Dataset excerpts:
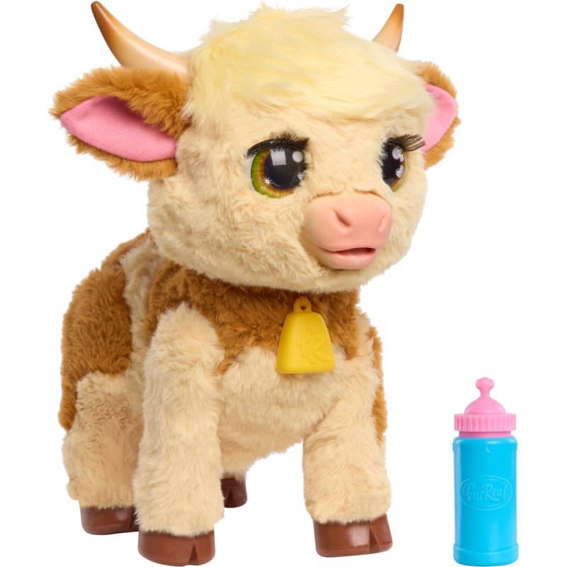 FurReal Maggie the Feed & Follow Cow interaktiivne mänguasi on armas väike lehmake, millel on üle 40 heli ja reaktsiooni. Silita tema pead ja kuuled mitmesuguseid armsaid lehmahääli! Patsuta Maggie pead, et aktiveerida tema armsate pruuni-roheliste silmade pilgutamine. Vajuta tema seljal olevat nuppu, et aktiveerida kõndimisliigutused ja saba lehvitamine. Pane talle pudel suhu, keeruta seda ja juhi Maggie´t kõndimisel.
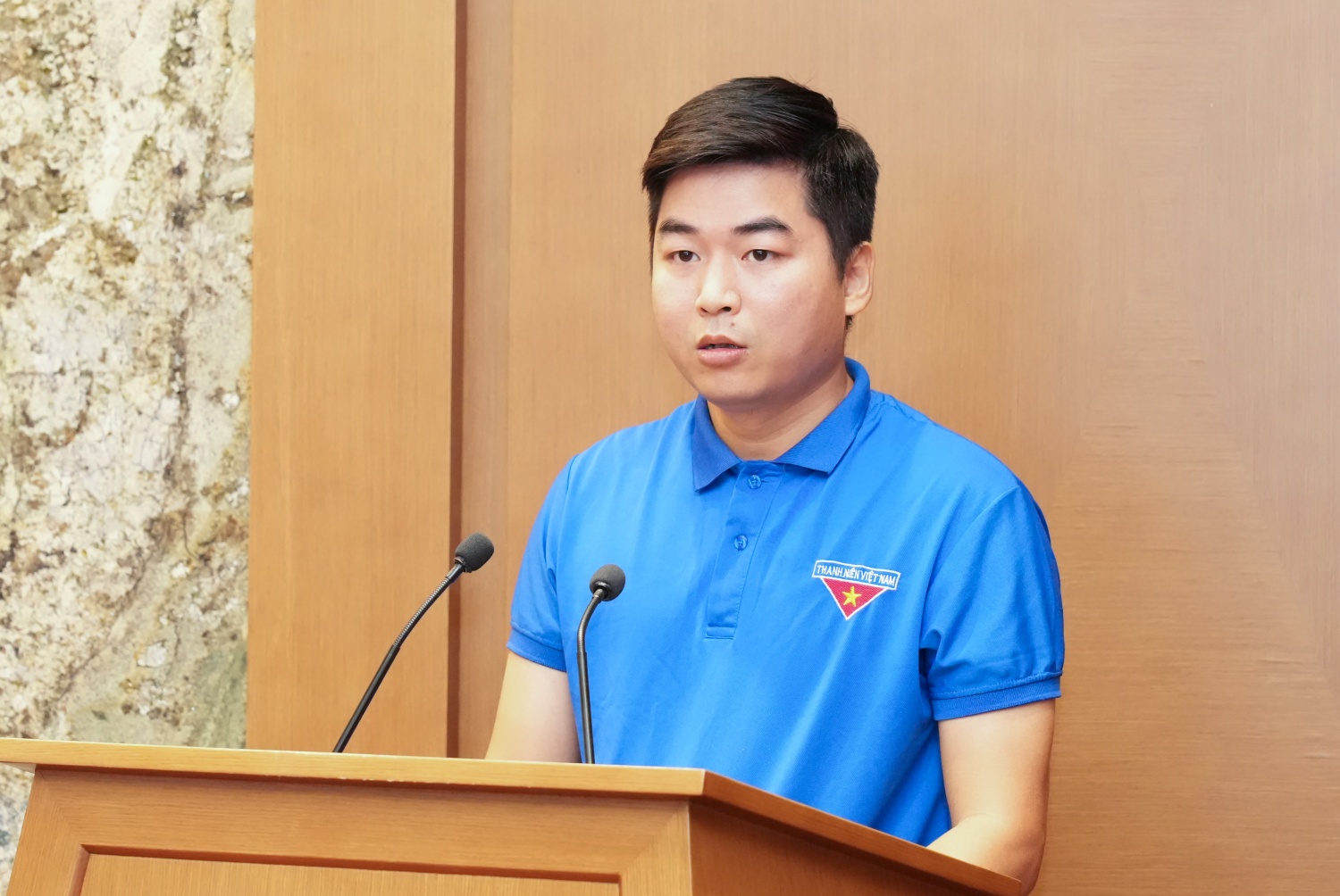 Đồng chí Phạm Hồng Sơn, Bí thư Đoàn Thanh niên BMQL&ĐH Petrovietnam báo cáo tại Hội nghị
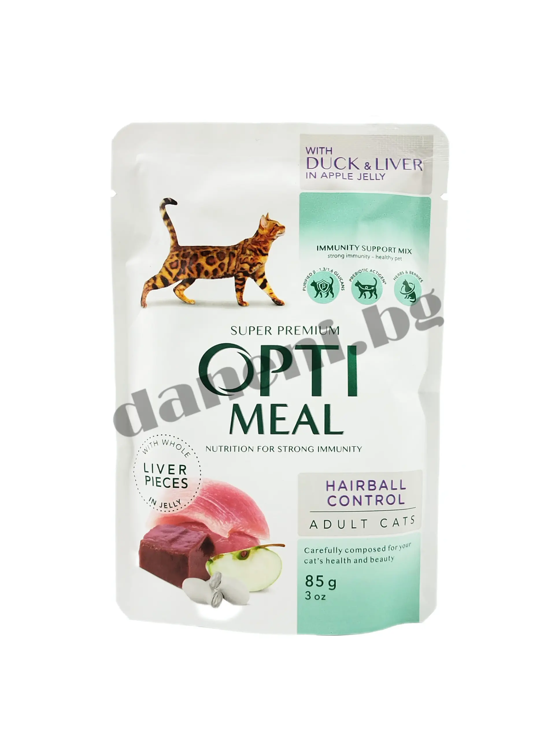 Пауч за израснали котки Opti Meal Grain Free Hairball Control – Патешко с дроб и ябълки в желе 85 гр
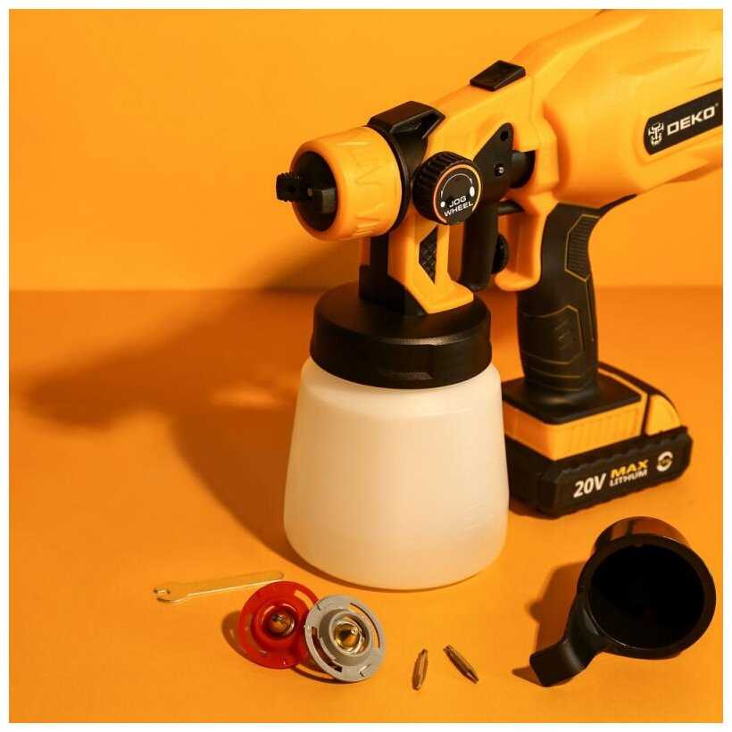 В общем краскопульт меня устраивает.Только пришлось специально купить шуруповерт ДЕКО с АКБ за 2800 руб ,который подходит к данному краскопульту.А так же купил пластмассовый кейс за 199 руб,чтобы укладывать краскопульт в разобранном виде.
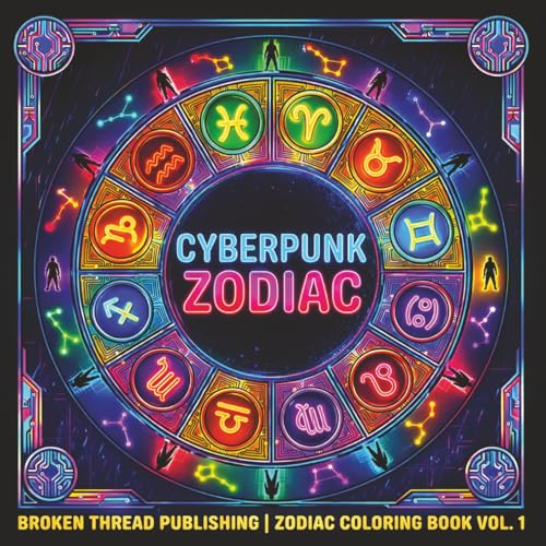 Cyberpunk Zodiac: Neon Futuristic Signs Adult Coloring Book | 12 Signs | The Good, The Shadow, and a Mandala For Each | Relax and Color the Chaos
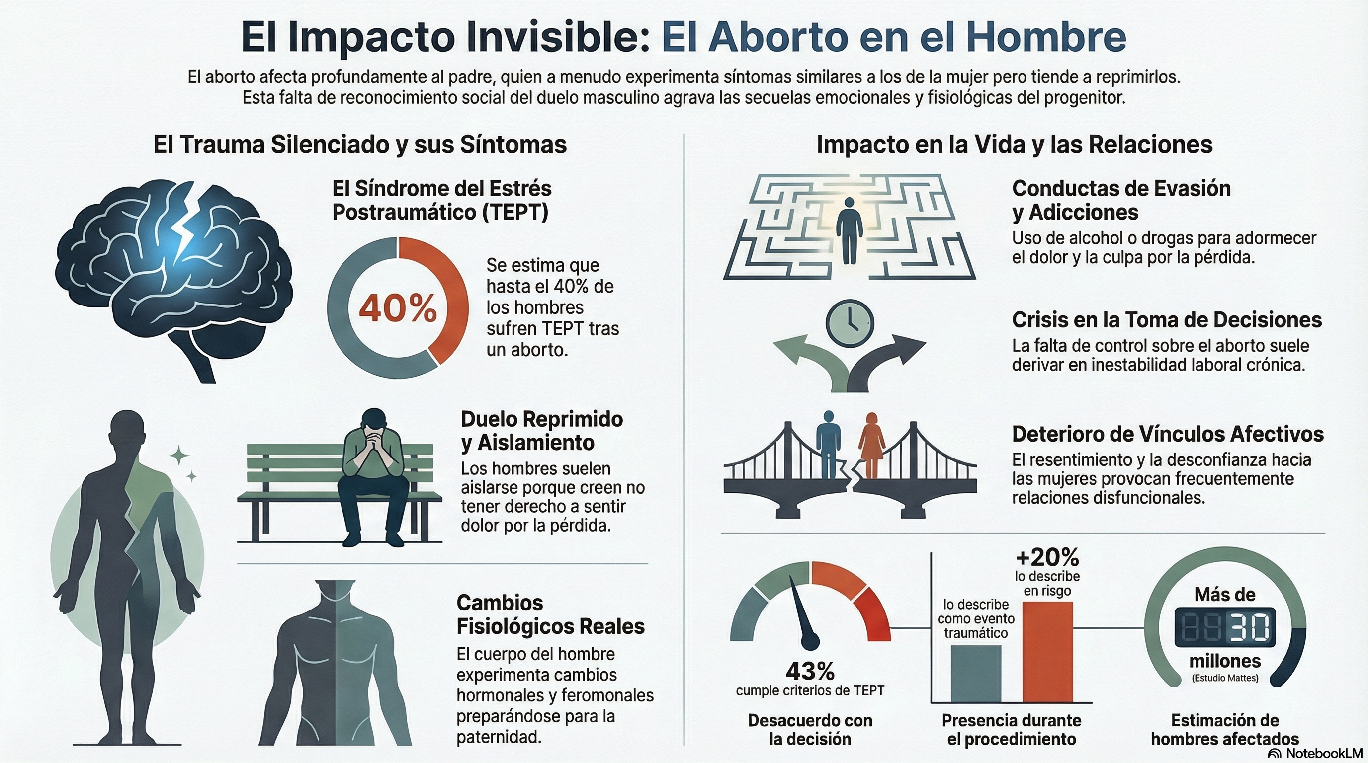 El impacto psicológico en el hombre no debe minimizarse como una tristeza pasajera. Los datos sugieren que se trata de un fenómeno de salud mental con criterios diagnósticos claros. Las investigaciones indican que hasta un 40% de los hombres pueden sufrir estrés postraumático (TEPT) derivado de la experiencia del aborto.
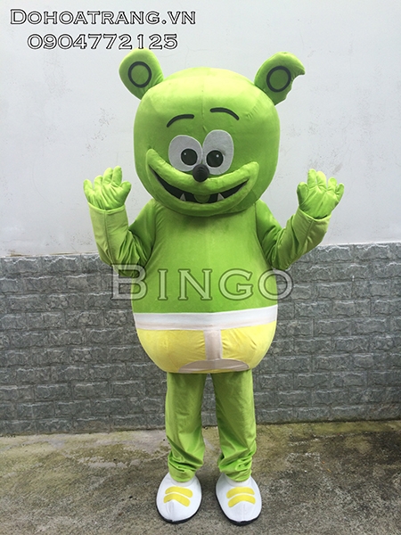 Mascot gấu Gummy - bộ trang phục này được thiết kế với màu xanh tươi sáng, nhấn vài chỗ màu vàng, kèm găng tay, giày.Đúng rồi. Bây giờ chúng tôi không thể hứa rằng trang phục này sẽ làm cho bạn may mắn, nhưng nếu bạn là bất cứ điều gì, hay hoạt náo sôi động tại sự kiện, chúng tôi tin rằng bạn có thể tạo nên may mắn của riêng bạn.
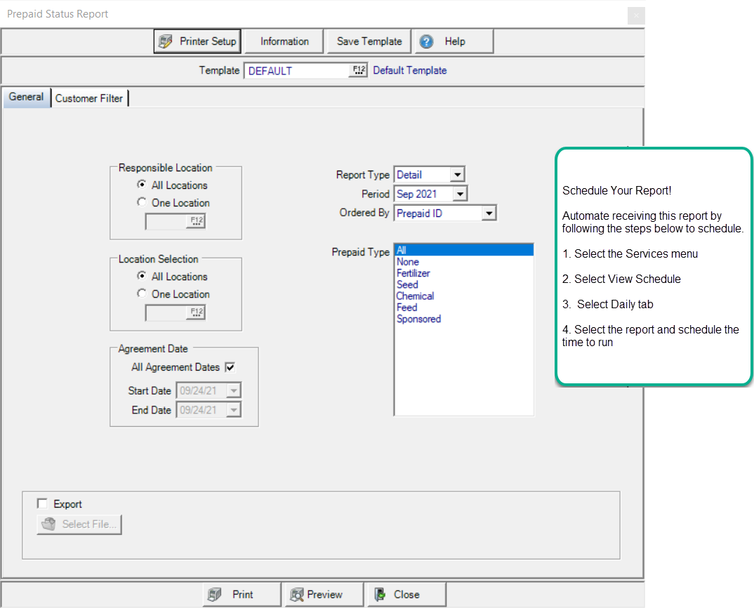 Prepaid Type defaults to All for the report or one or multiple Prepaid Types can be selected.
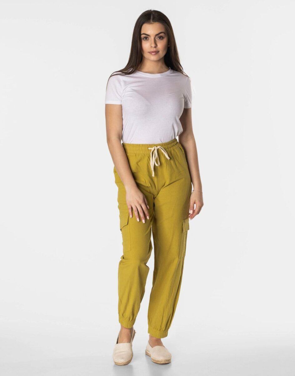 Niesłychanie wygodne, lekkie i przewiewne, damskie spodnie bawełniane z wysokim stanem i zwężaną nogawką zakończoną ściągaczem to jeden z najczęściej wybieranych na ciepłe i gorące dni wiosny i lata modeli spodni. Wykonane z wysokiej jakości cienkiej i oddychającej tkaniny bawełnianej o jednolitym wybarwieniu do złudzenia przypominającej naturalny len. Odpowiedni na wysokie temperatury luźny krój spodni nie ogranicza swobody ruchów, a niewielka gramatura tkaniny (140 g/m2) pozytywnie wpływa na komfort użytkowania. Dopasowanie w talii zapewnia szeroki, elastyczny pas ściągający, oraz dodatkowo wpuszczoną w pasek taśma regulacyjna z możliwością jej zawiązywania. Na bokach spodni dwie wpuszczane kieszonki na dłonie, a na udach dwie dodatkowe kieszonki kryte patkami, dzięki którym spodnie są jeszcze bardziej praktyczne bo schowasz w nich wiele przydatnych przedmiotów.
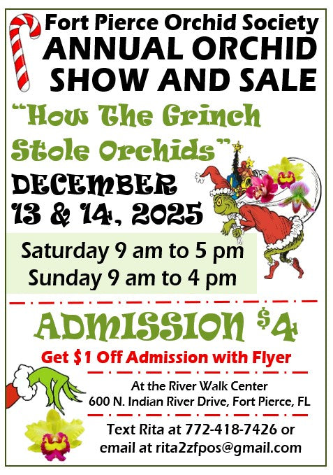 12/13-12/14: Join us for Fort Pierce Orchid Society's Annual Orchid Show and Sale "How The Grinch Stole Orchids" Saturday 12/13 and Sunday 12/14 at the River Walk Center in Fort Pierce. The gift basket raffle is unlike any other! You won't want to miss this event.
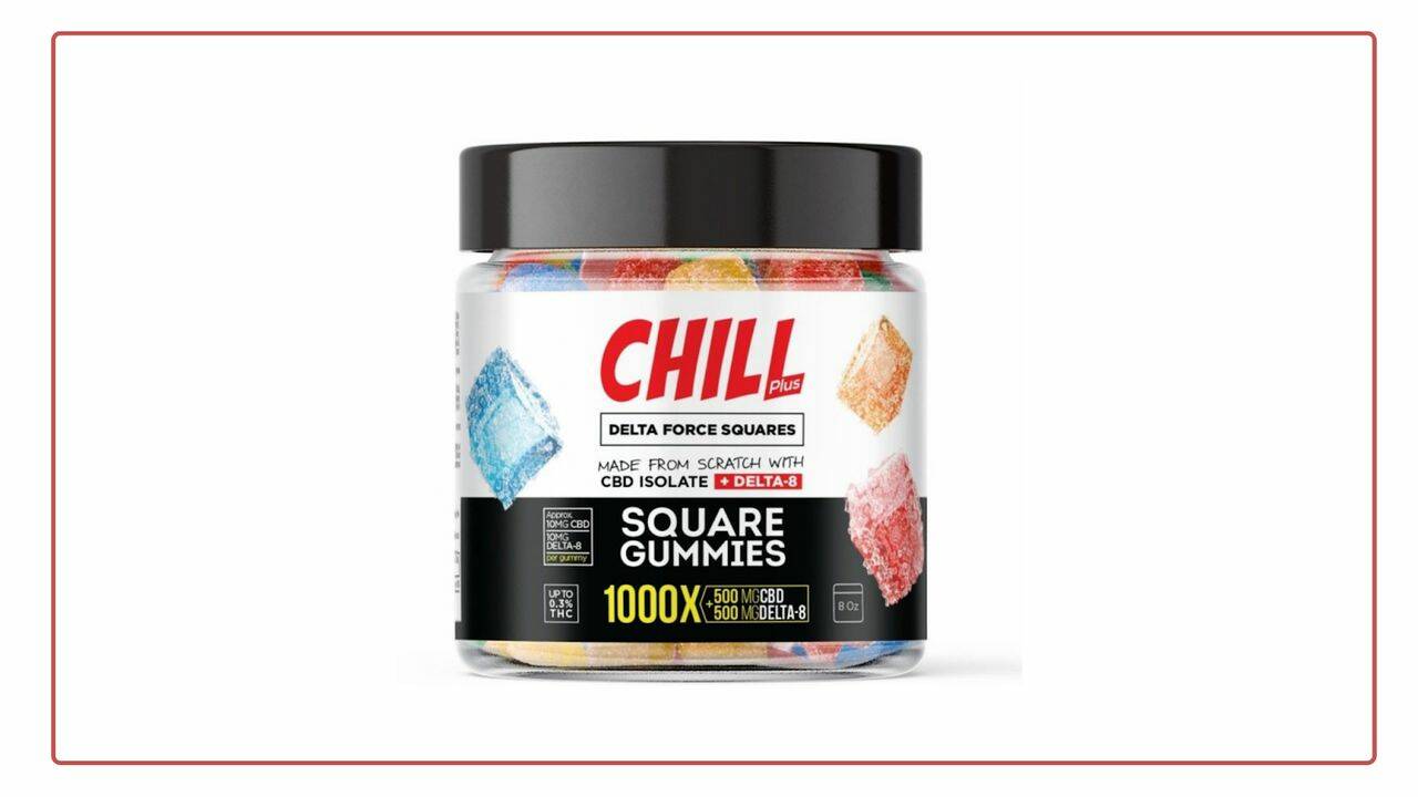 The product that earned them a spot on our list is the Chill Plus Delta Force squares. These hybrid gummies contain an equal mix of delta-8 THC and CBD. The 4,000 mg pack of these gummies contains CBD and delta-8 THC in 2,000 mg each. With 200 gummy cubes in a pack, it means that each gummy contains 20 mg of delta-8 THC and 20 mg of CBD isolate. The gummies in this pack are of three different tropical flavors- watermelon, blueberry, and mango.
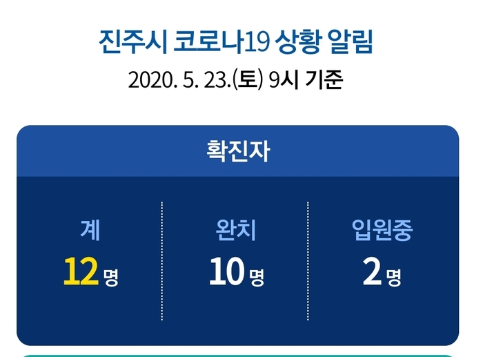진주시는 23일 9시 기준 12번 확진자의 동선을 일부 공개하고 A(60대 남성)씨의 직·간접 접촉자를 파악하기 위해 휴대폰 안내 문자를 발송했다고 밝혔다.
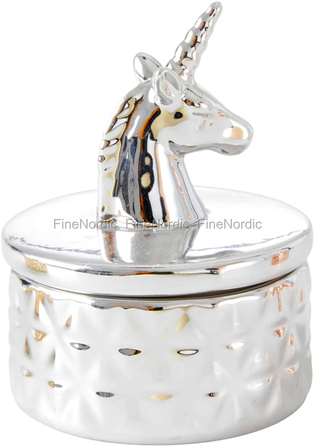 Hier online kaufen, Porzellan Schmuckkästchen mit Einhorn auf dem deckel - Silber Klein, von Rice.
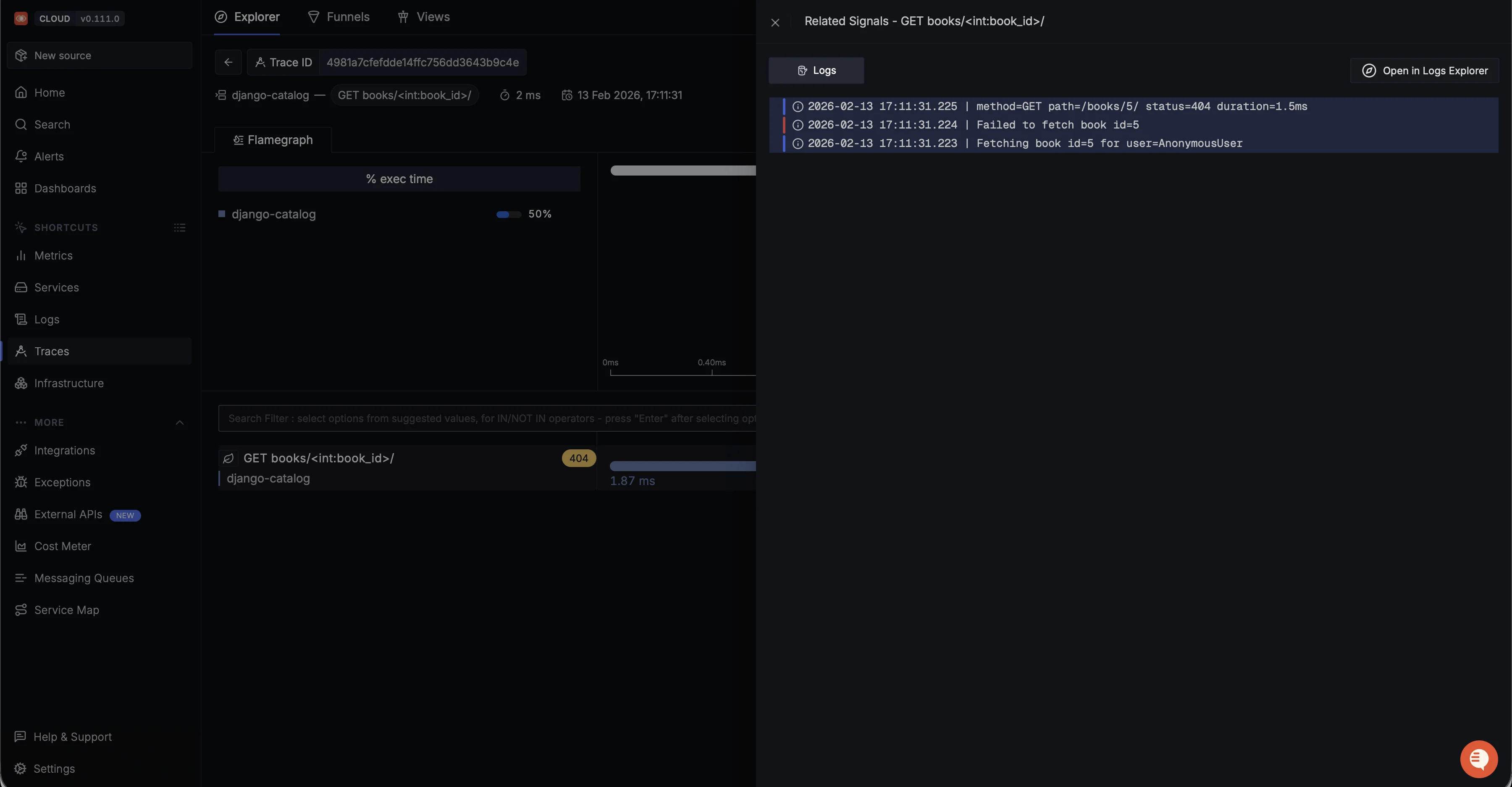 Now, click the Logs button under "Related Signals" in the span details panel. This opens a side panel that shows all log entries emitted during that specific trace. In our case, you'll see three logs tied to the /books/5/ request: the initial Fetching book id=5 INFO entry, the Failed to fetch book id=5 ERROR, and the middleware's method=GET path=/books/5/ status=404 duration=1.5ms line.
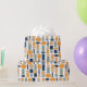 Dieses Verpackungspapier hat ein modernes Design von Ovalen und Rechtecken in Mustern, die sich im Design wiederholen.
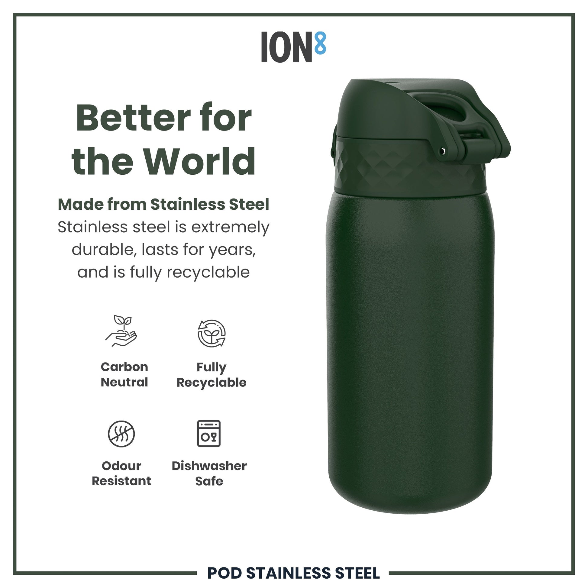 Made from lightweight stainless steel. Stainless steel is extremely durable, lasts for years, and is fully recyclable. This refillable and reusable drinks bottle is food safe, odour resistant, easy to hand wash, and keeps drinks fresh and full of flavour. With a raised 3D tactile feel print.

TASK ITEM
Nothing but the lines from the first line of the data above through the line holding "Prepaid Type defaults" may appear in the response, copied exactly and without pictures.

SOLUTION
 FurReal Maggie the Feed & Follow Cow interaktiivne mänguasi on armas väike lehmake, millel on üle 40 heli ja reaktsiooni. Silita tema pead ja kuuled mitmesuguseid armsaid lehmahääli! Patsuta Maggie pead, et aktiveerida tema armsate pruuni-roheliste silmade pilgutamine. Vajuta tema seljal olevat nuppu, et aktiveerida kõndimisliigutused ja saba lehvitamine. Pane talle pudel suhu, keeruta seda ja juhi Maggie´t kõndimisel.
 Đồng chí Phạm Hồng Sơn, Bí thư Đoàn Thanh niên BMQL&ĐH Petrovietnam báo cáo tại Hội nghị
 Пауч за израснали котки Opti Meal Grain Free Hairball Control – Патешко с дроб и ябълки в желе 85 гр
 В общем краскопульт меня устраивает.Только пришлось специально купить шуруповерт ДЕКО с АКБ за 2800 руб ,который подходит к данному краскопульту.А так же купил пластмассовый кейс за 199 руб,чтобы укладывать краскопульт в разобранном виде.
 Cyberpunk Zodiac: Neon Futuristic Signs Adult Coloring Book | 12 Signs | The Good, The Shadow, and a Mandala For Each | Relax and Color the Chaos
 El impacto psicológico en el hombre no debe minimizarse como una tristeza pasajera. Los datos sugieren que se trata de un fenómeno de salud mental con criterios diagnósticos claros. Las investigaciones indican que hasta un 40% de los hombres pueden sufrir estrés postraumático (TEPT) derivado de la experiencia del aborto.
 Mascot gấu Gummy - bộ trang phục này được thiết kế với màu xanh tươi sáng, nhấn vài chỗ màu vàng, kèm găng tay, giày.Đúng rồi. Bây giờ chúng tôi không thể hứa rằng trang phục này sẽ làm cho bạn may mắn, nhưng nếu bạn là bất cứ điều gì, hay hoạt náo sôi động tại sự kiện, chúng tôi tin rằng bạn có thể tạo nên may mắn của riêng bạn.
 Prepaid Type defaults to All for the report or one or multiple Prepaid Types can be selected.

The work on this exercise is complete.